Task requirements:
The records that follow should be copied out exactly, pictures excluded.

── Available records ──

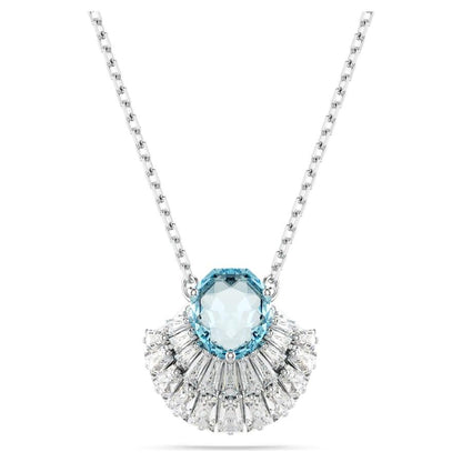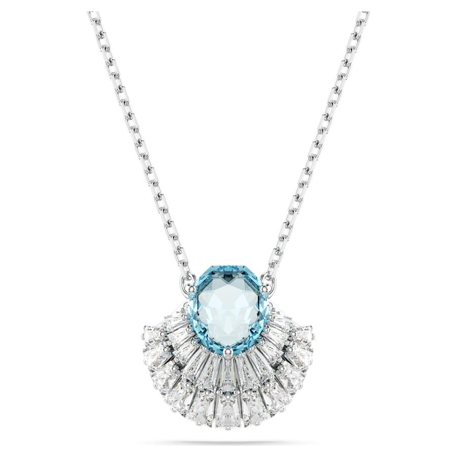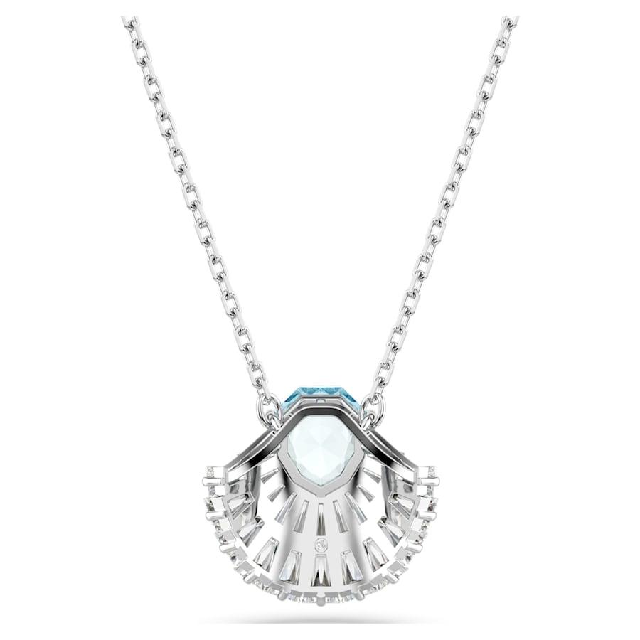 Questo pendente d’ispirazione marina è un gioioso omaggio al colore e allo spirito dell’oceano. Indossato su un’elegante catena, il design placcato rodio presenta un motivo centrale a forma di conchiglia, impreziosito da una serie di Swarovski Zirconia trasparenti e da un cristallo centrale blu brillante. Una creazione serena e rilassante per valorizzare il tuo stile quotidiano.
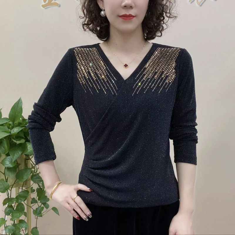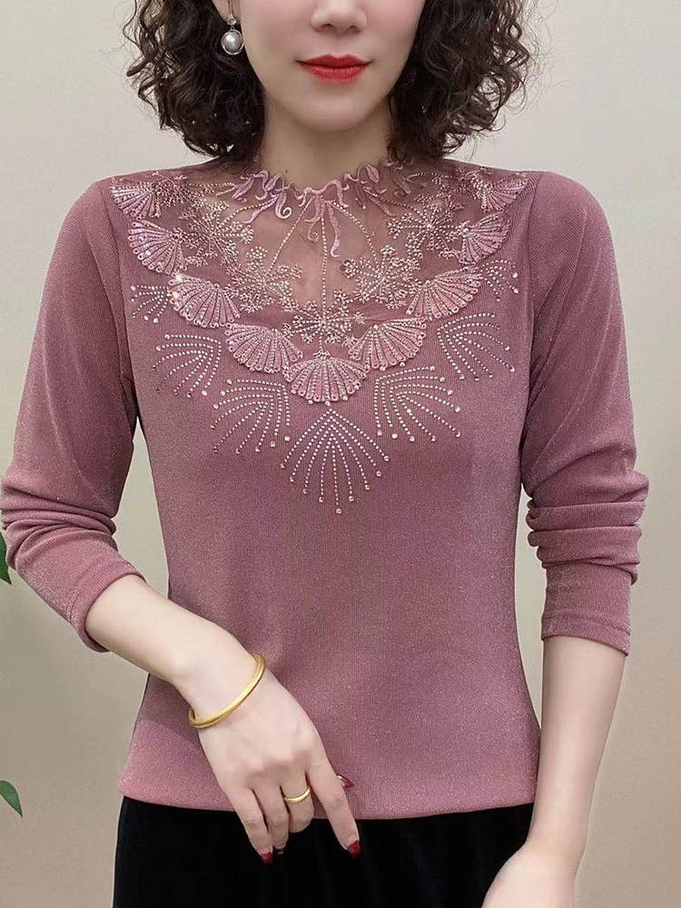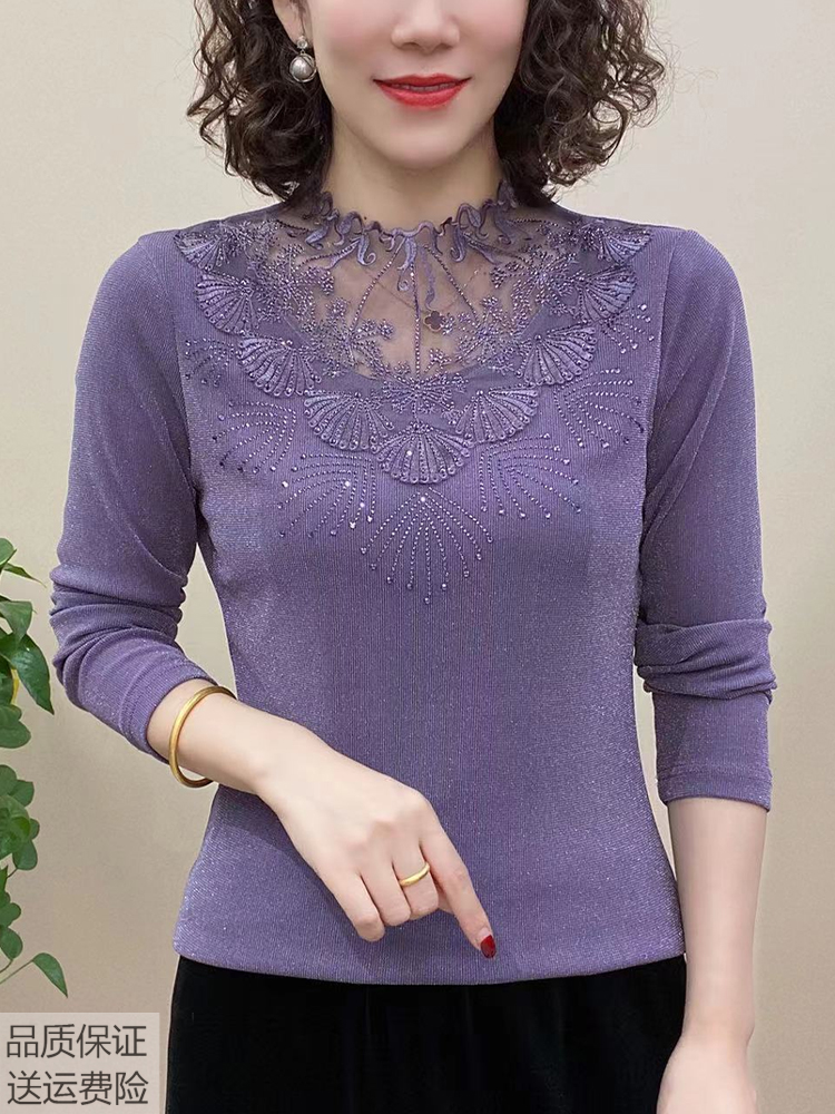 New mom dress V collar long sleeve pure color mesh yarn plus suede undershirt fashion middle age women's temperament elastic blouses-Taobao
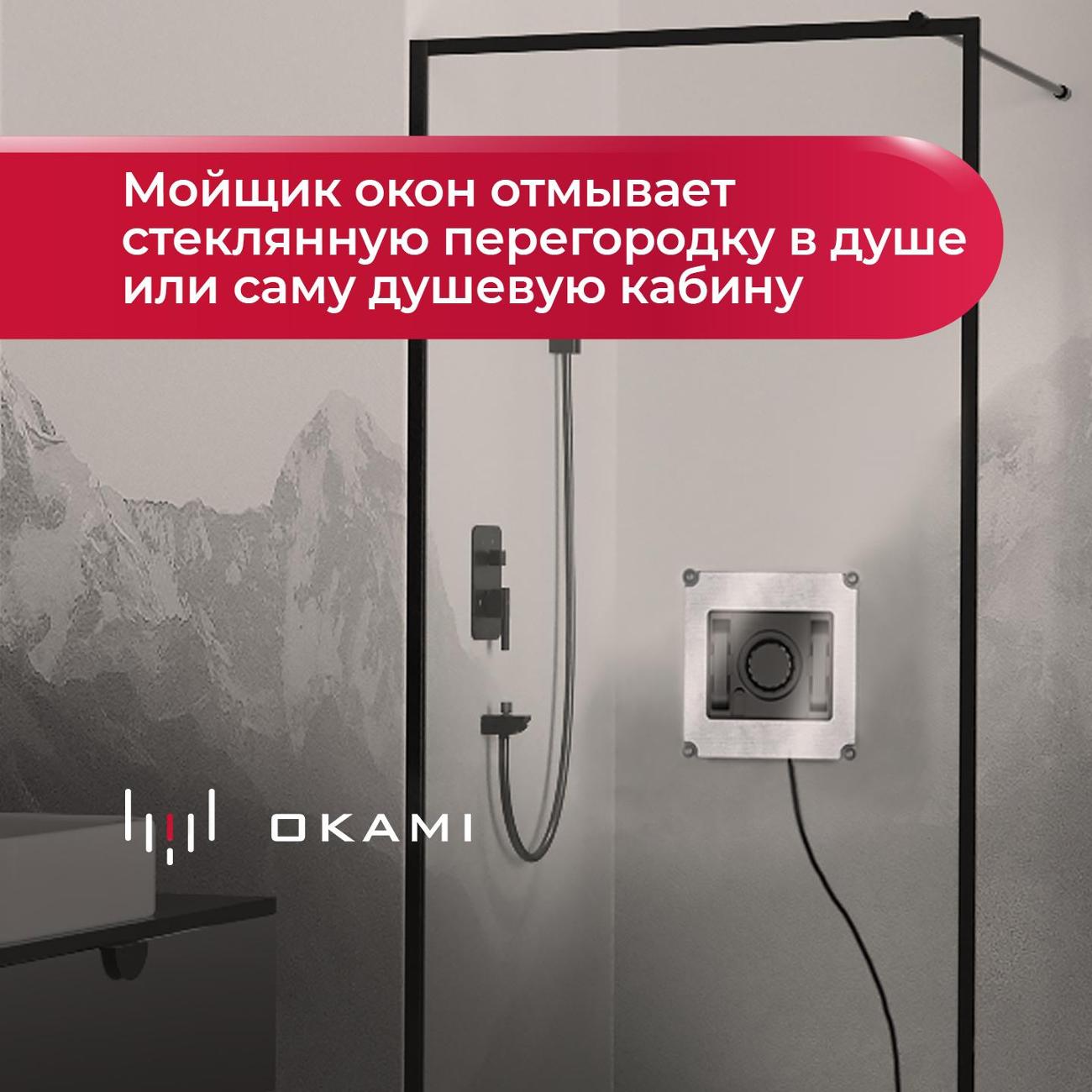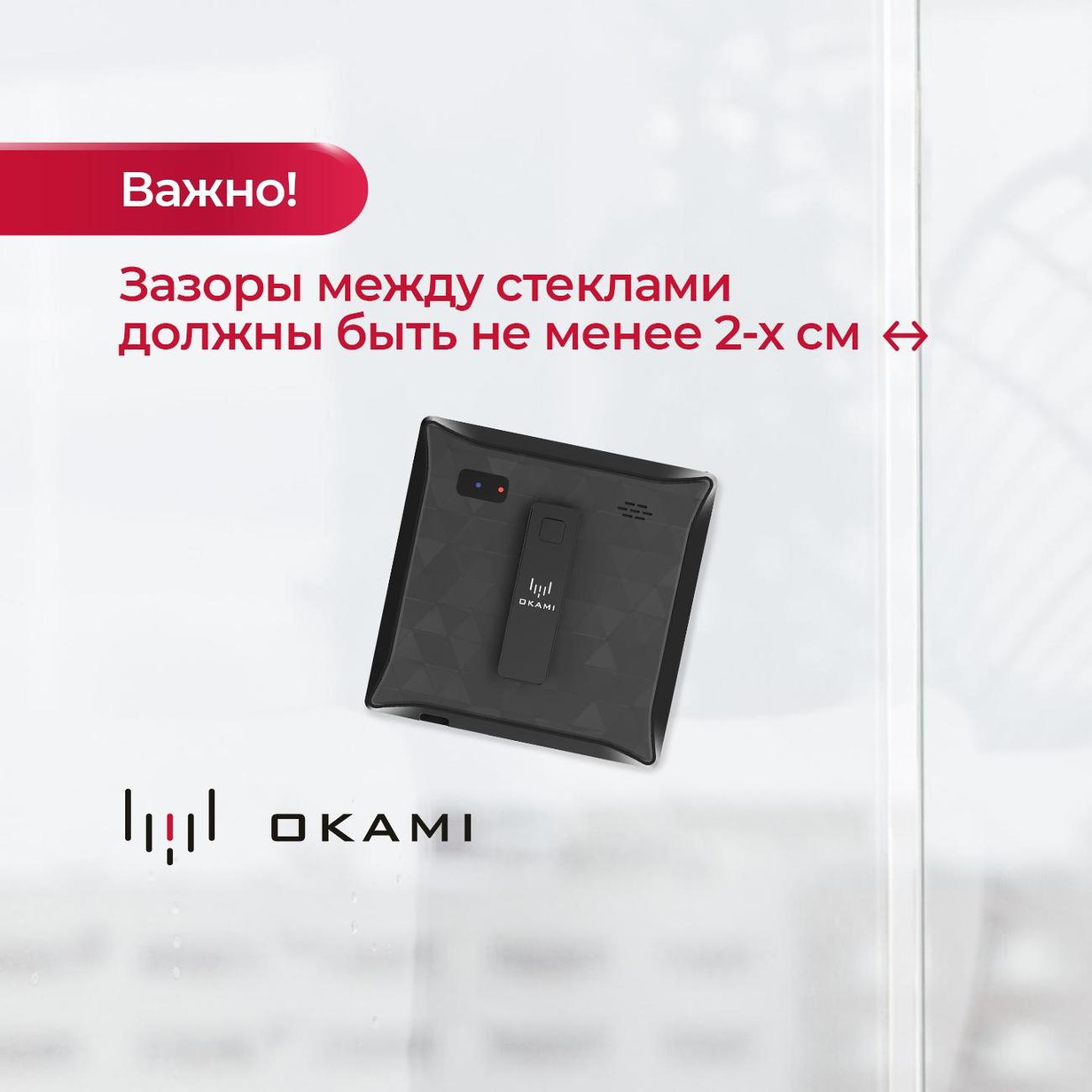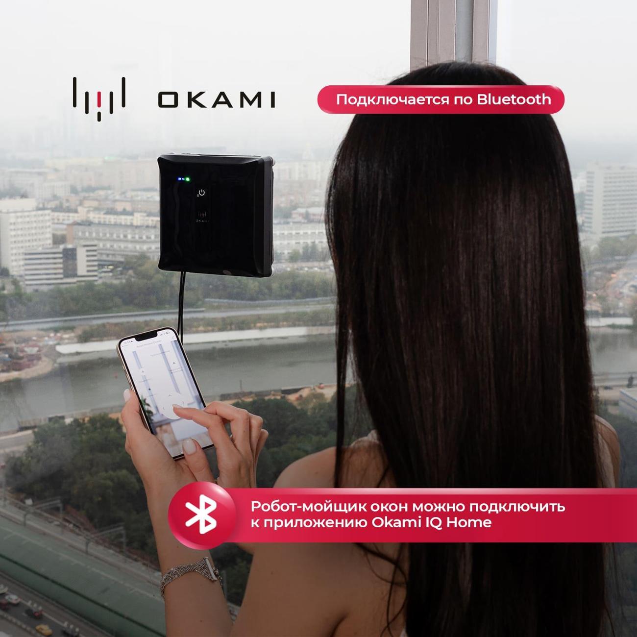 После фиксации робота на поверхности устройство самостоятельно ориентируется в пространстве с помощью технологии искусственного интеллекта. В процессе очистки робот распыляет моющее средство и собирает его с помощью салфетки, таким образом очищая поверхность от пыли и грязи. Один квадратный метр поверхности Okami Q75 очищает за 4 минуты. Квадратная форма позволяет мойщику эффективно очищать окна в углах и по краям.
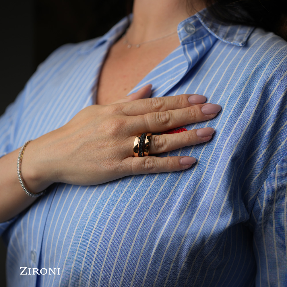 Anello tripla fascia in argento placcato rosa con polvere di carbonio nera
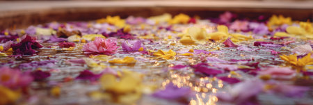 Colorful flower petals floating on water surface with shallow depth of field

───

Answer space:
 Questo pendente d’ispirazione marina è un gioioso omaggio al colore e allo spirito dell’oceano. Indossato su un’elegante catena, il design placcato rodio presenta un motivo centrale a forma di conchiglia, impreziosito da una serie di Swarovski Zirconia trasparenti e da un cristallo centrale blu brillante. Una creazione serena e rilassante per valorizzare il tuo stile quotidiano.
 New mom dress V collar long sleeve pure color mesh yarn plus suede undershirt fashion middle age women's temperament elastic blouses-Taobao
 После фиксации робота на поверхности устройство самостоятельно ориентируется в пространстве с помощью технологии искусственного интеллекта. В процессе очистки робот распыляет моющее средство и собирает его с помощью салфетки, таким образом очищая поверхность от пыли и грязи. Один квадратный метр поверхности Okami Q75 очищает за 4 минуты. Квадратная форма позволяет мойщику эффективно очищать окна в углах и по краям.
 Anello tripla fascia in argento placcato rosa con polvere di carbonio nera
 Colorful flower petals floating on water surface with shallow depth of field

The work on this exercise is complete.